Historically, children with disabilities were thought to be unable to learn. However, research, best practice, and public policy advances have dispelled this myth. Students with disabilities — when given services and supports — can and do thrive in school and in life.
A critical policy shift occurred due to the passage of the No Child Left Behind Act (2002). For the first time, the public was able to see how students with disabilities were achieving as compared to their peers, and schools and states were held responsible for improving their outcomes. This first-ever transparency and new accountability for student achievement made sure that the outcomes of students with disabilities mattered as much as those for any other group in the school.
Now, the Every Student Succeeds Act (ESSA, 2015) provides states new opportunities to better understand the achievement of students with disabilities, while still maintaining requirements that the achievement of all students, including students with disabilities, is included in state accountability systems. Additionally, ESSA requires that states provide two assessment options for students with disabilities: 1) the general assessment (with accommodations as necessary); and 2) the alternate assessment on alternate academic achievement standards (for only 1 percent of all students in the state with the most significant cognitive disabilities).
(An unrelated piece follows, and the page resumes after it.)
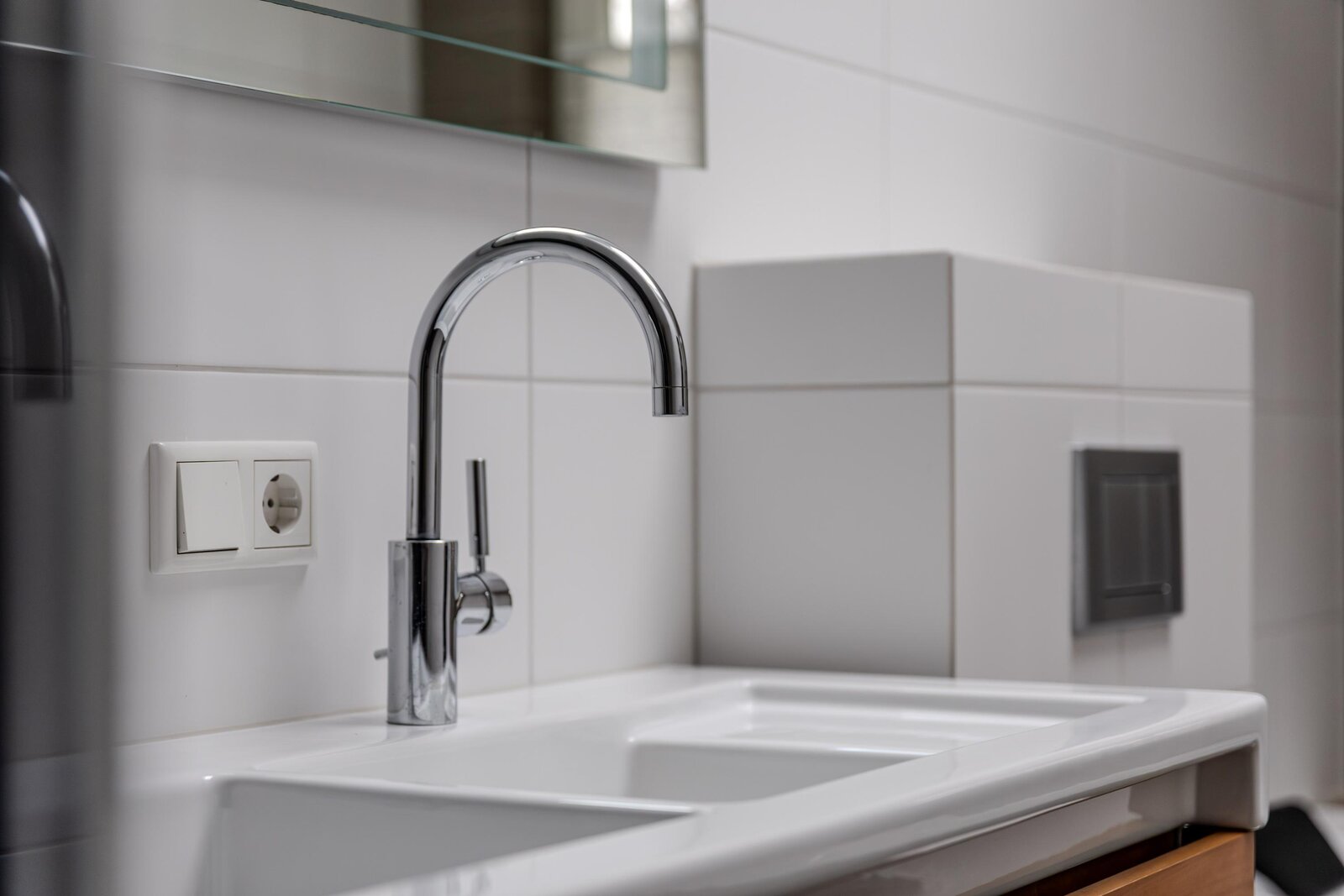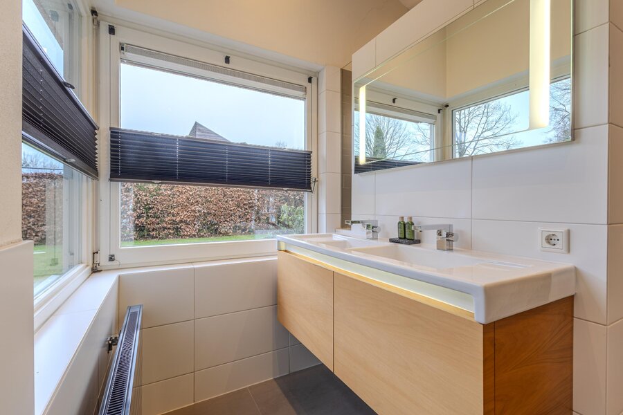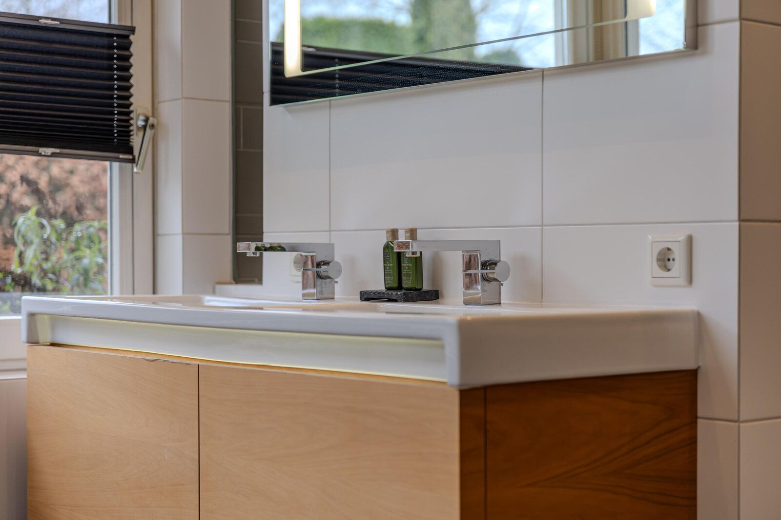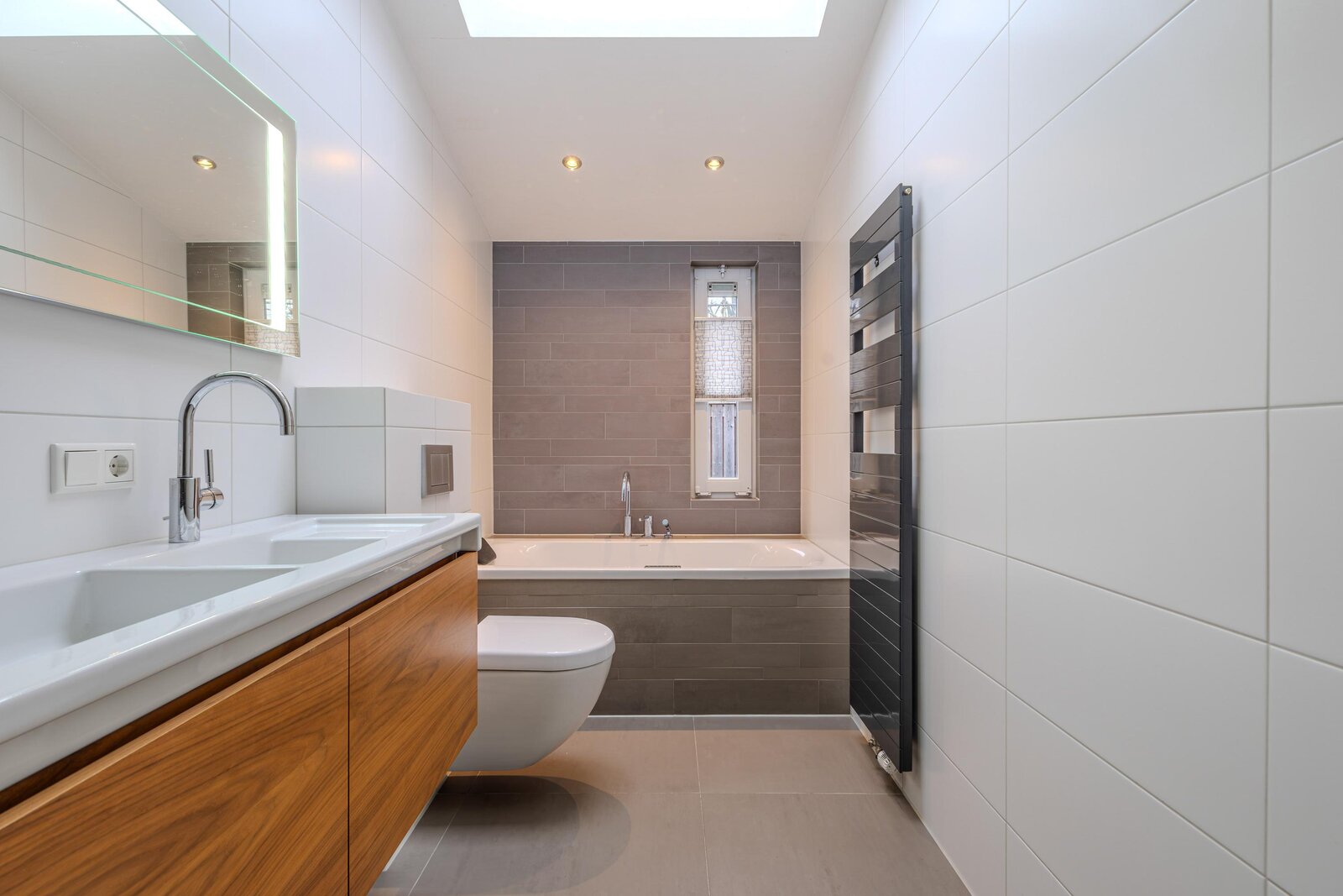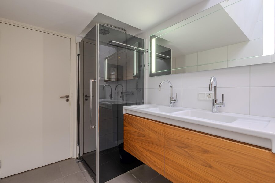 De eerste ruimte, gezien vanaf de centrale hal, is de luxe uitgevoerde badkamer. Deze badkamer is zeer compleet uitgerust met een ligbad met whirlpool, een douche met cabine, een toilet en een dubbele wastafel met meubel en spiegel met verlichting. De badkamer is uitgevoerd met hoogwaardige materialen (o.a. Dornbracht, Villeroy & Boch en Mosa), volledig betegeld en voorzien van mechanische afzuiging, comfortabele vloerverwarming en een Velux dakraam.

ESSA prohibits states and districts from developing any other alternate assessment.
Getting Started: New Accountability Systems and Students With Disabilities
As states develop new accountability systems under ESSA, they are first charged with determining how to measure school performance. In doing so, it’s important to consider factors both applicable and unique to students with disabilities when selecting the additional indicator(s) of school quality or student success that ESSA requires. To make sure that students with disabilities are fully considered, what should you ask?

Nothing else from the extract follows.